By Itzel Zuniga Aug 5, 2008, 17:05 GMT
Mexico City - Research on HIV/AIDS has made great advances that extend to general medicine, the president of the International AIDS Society said in an interview.
'No other disease has spread with such speed,' Pedro Cahn told Deutsche Presse-Agentur dpa on Tuesday. 'But throughout history there has also been no other disease for which knowledge has been acquired so unusually quickly.'
Just two years after the first recorded case, HIV - the virus that causes AIDS - was identified, noted Cahn, an Argentinian doctor who is co-chairing the 17th International AIDS Conference that has brought 25,000 doctors, researchers, activists and politicians to Mexico City this week.
In contrast, the identification of syphilis took 500 years, he said.
By the mid-1980s the first medicine was developed to control the virus' impact. Today there are 25 drugs to treat the disease.
'I would say that in the therapeutic treatments there have been remarkable advances,' Cahn said. 'Also in virology and in the understanding of how the immune system functions we have made great advances that can be applied to medicine in general.'
Unlike other experts, Cahn is convinced that the development of new drugs will not slow down. In just the last 18 months, three new drugs from three separate companies have come on the market, he said.

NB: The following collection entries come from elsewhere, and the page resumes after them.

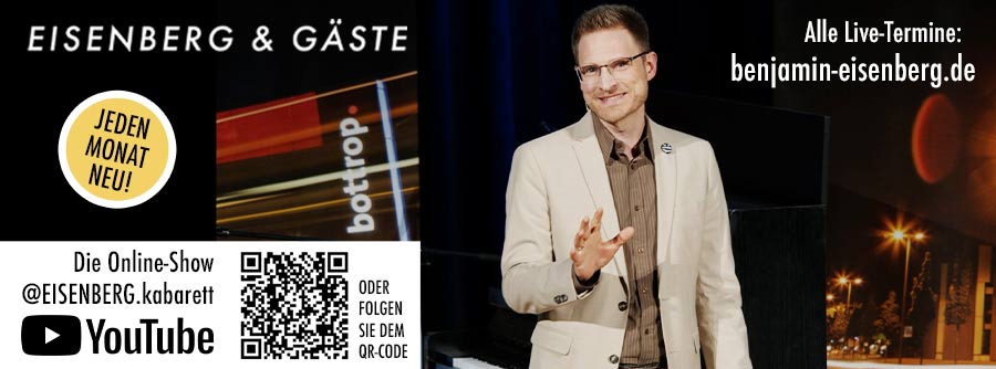 Am 21. und 22. März 2026 präsentiert Kabarettist Benjamin Eisenberg in Zusammenarbeit mit der Ev. Kirchengemeinde Bottrop im Kammerkonzertsaal (Böckenhoffstr. 30, 46236 Bottrop) eine brandneue Show aus der Reihe „Comedy im Saal“. Auch in diesem Jahr wird die Ladies Night in Kooperation mit der Gleichstellungsstelle der Stadt Bottrop zum Internationalen Frauentag aufgeführt.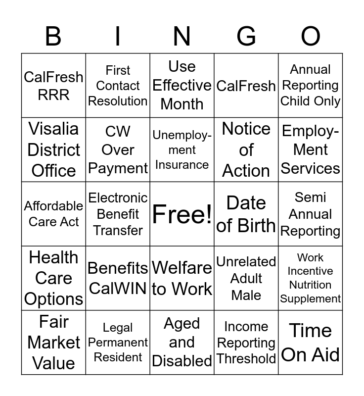 This bingo card has a free space and 24 words: Benefits CalWIN, Legal Permanent Resident, Unemploy- ment Insurance, Fair Market Value, Annual Reporting Child Only, CalFresh RRR, Visalia District Office, First Contact Resolution, Date of Birth, Welfare to Work, Notice of Action, Affordable Care Act, Unrelated Adult Male, Work Incentive Nutrition Supplement, CW Over Payment, Income Reporting Threshold, Semi Annual Reporting, Use Effective Month, Employ- Ment Services, Electronic Benefit Transfer, Time On Aid, Health Care Options, CalFresh and Aged and Disabled.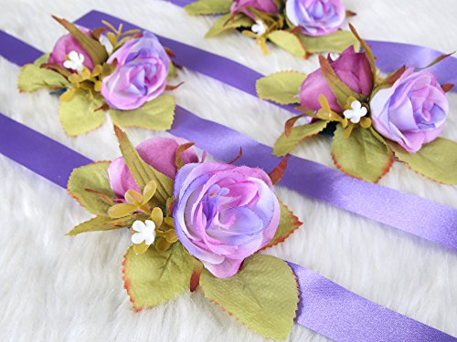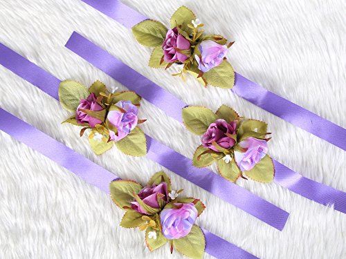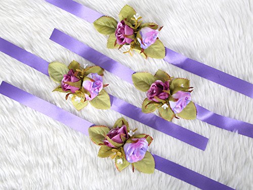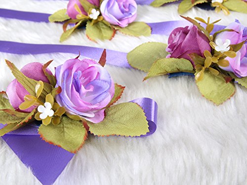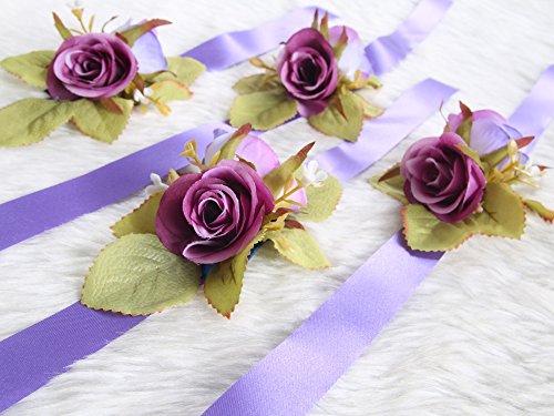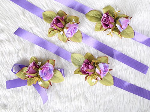 Wrist corsage flower for Prom night Wedding Bridal Bridesmaid Ceremony Party(Pack 4) (Purple theme)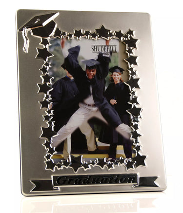 A quality two tone photo frame, the photo frame has a satin silver finish. Along the bottom of the frame within a scroll style design is the word 'Graduation' etched in black. A shiny star style design all around where the photo is displayed and to the top left is a graduation hat. Fantastic Quality frame from Shudehill Giftware

But he harshly criticized the lack of access of many patients in poor nations to the expensive drug treatments. Of the 33 million people infected with HIV, only 31 per cent are being treated.
'The rest continue to become sick and die like in the days when these medicines did not exist,' Cahn said, stressing that governments must address the issue of access to antiretroviral drugs.

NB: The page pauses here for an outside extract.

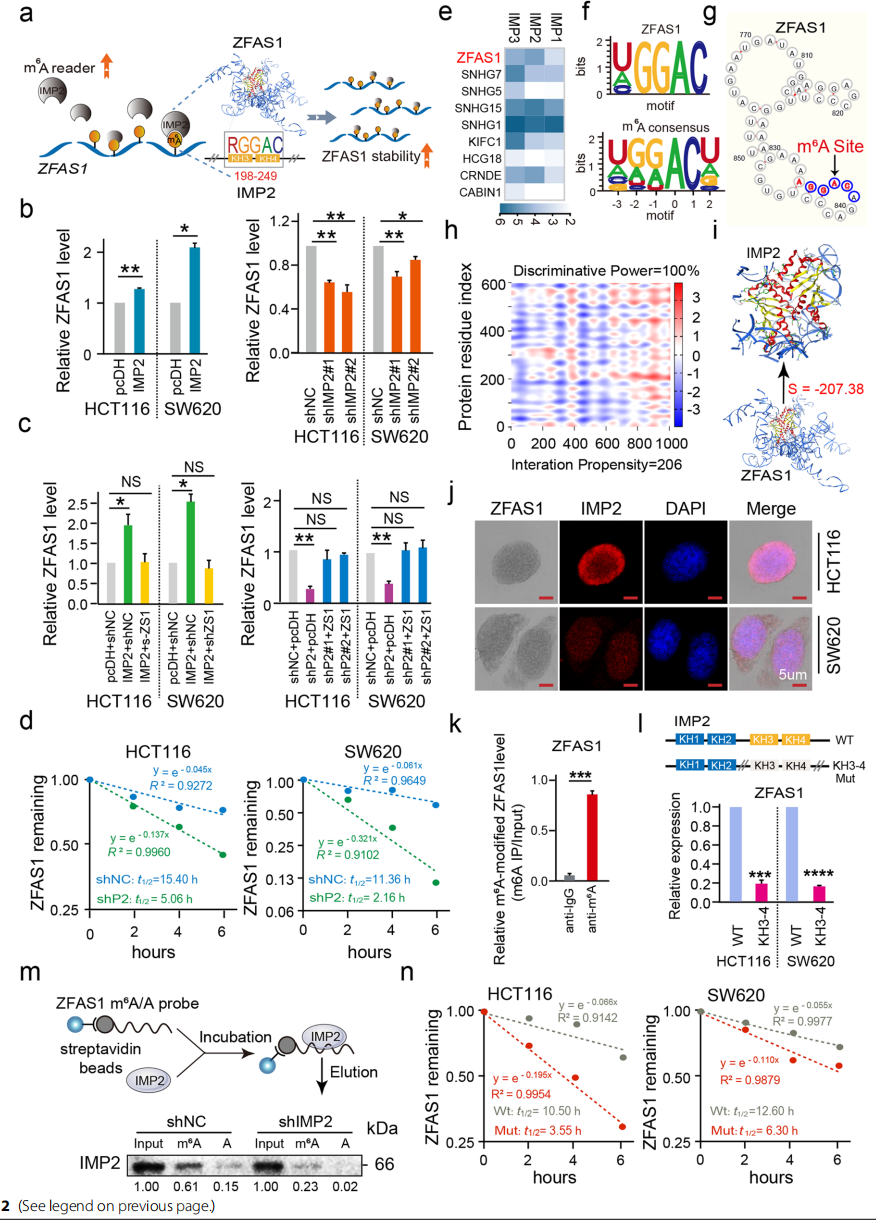 為了驗(yàn)證IMP2和ZFAS1之間的直接關(guān)聯(lián),初步分析了FLAG標(biāo)記的IMP1/2/3的RIP-seq數(shù)據(jù),發(fā)現(xiàn)和對(duì)照相比,異位IMP2的表達(dá)極大地豐富了HEK293T細(xì)胞的內(nèi)源性ZFAS1(圖2e)。此外,RNA結(jié)合蛋白的數(shù)據(jù)說(shuō)明IMP2蛋白有一個(gè)特定的結(jié)合域可以識(shí)別ZFAS1中的m6A motif(圖2f)。為了進(jìn)一步驗(yàn)證IMP2和ZFAS1結(jié)合位點(diǎn)的可靠性,進(jìn)行了共定位的ISH和免疫熒光(IF)檢測(cè),結(jié)果發(fā)現(xiàn)ZFAS1和IMP2的表達(dá)分布相一致,主要結(jié)合位點(diǎn)在HCT116和SW620的細(xì)胞質(zhì)中,部分在細(xì)胞核中(圖2j)。RIP分析發(fā)現(xiàn)相比對(duì)照組,用m6A抗體富集得到了更高表達(dá)的ZFAS1(圖2k),RNA下拉實(shí)驗(yàn)說(shuō)明了通過(guò)攜帶m6A motif與IMP2蛋白特定結(jié)構(gòu)域可以直接結(jié)合(圖2m)。利用qPCR驗(yàn)證IMP2 KH3-4的WT和Mut載體處理后的HEK293T細(xì)胞中ZFAS1的表達(dá),發(fā)現(xiàn)表達(dá)量顯著減少(圖2i),說(shuō)明IMP2 KH3-4結(jié)構(gòu)域可以與ZFAS1直接相互作用。

While advances in drug therapy have helped to extend the lives of the world's 33 million people living with HIV/AIDS, there has been frustration in the hunt for an elusive vaccine.
On Tuesday, the International AIDS Vaccine Initiative called for a new blueprint in the vaccine search that would involve setting of smaller, interim goals and following bolder research that could raise objections from regulators.
In July, Dr Anthony Fauci, the man whose US government institute controls about 80 per cent of the money spent worldwide on vaccine research and testing, called for a turn back to the laboratory and away from expansive and expensive human trials that had held out so much hope in the past two years.
Before the 2006 conference in Toronto, hopes soared for two unconventional vaccines - the private Merck pharmaceuticals vaccine as well as the US institute's own PAVE vaccine, which was very similar to the Merck substance - as they headed into expanded clinical trials on human beings.
But Merck dropped testing in September 2007, and Fauci pulled the plug on the PAVE trials in mid July. The Merck vaccine was found ineffective, and in fact appeared to have inadvertently increased the HIV infection rate.